While he killed several women over the course of more than a decade, Robinson got away with murder until police made a gruesome discovery hidden in plain sight on his property in Kansas. When officials learned exactly how the middle-aged husband and father met many of his victims, he was given the dubious distinction of being the "Internet's First Serial Killer" - as well as two life sentences.

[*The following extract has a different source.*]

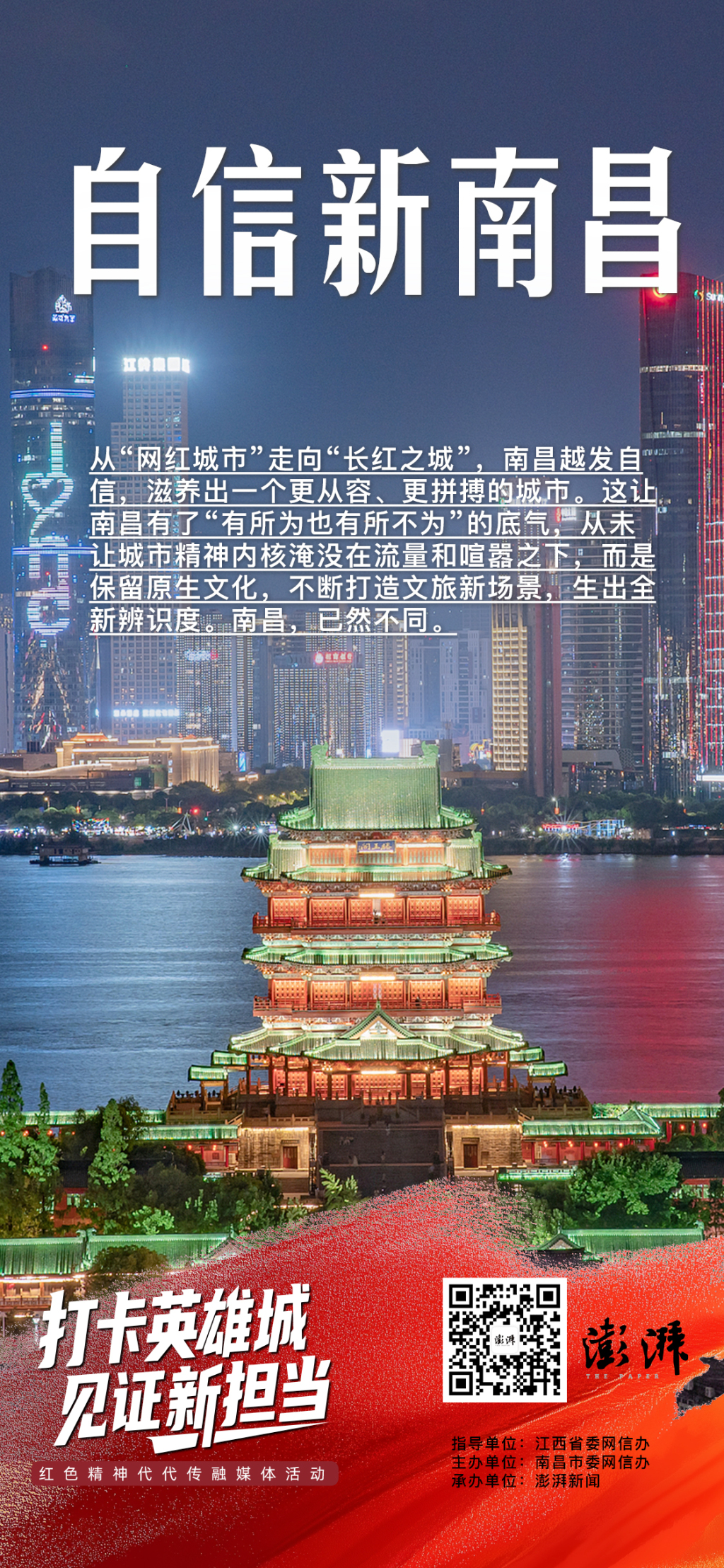 “自信,是英雄城南昌的应有气概。”早在2021年12月,南昌市委机关报《南昌日报》就在《南昌人要自信》的社论中,从历史底蕴、文化积淀到区域禀赋,系统论述了这座城市的过往辉煌与未来可能,一度引发社会广泛共鸣。
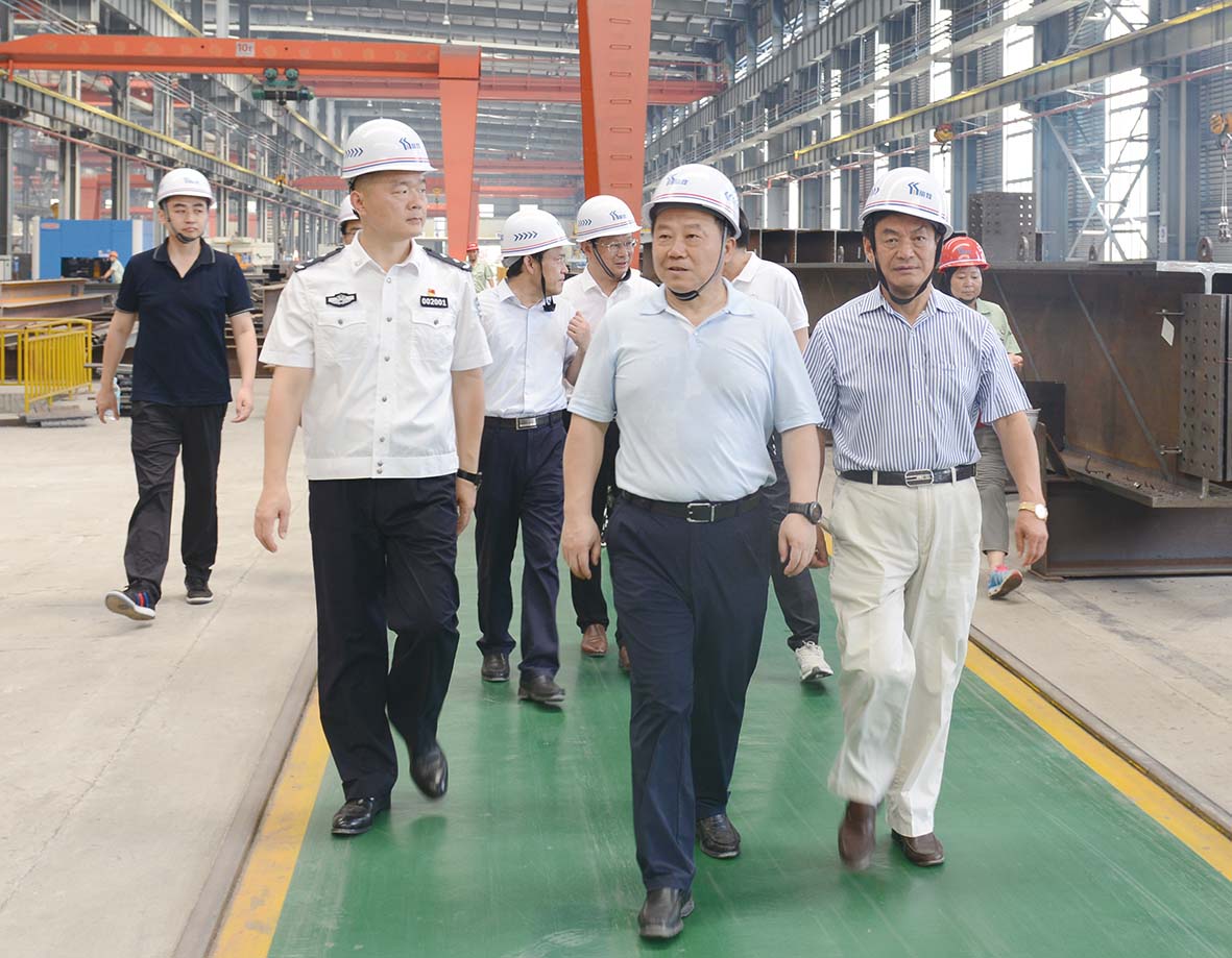 7月15日,安徽省委常委、合肥市委書記宋國權(quán)在巢湖市委書記耿延強,巢湖市委常委、常務(wù)副市長夏群山的陪同下蒞臨安徽富煌鋼構(gòu)股份有限公司考察指導(dǎo),富煌鋼構(gòu)董事長楊俊斌全程陪同參觀。

14 Disturbing Facts About The First Internet Serial Killer, John Edward Robinson,
He Put The Bodies Of His Victims In Barrels
When investigators searched John Edward Robinson's home and property in Kansas in June 2000, they discovered two large barrels, each containing the body of a dead woman. Officials later determined they were the corpses of Izabela Lewicka, the young Polish immigrant, and Suzette Trouten, the nurse he'd convinced to move near him to take a nonexistent job looking after his sick father.
Officials learned Robinson rented two large units at a storage facility in Missouri, and they quickly discovered they had been used to stored two more drums, containing a total of three victims. Inside the barrels, Robinson had placed the dead bodies of Sheila Faith and her teenage daughter Debbie, as well as the corpse of Beverly Bonner, the prison librarian who had left her husband to be with him.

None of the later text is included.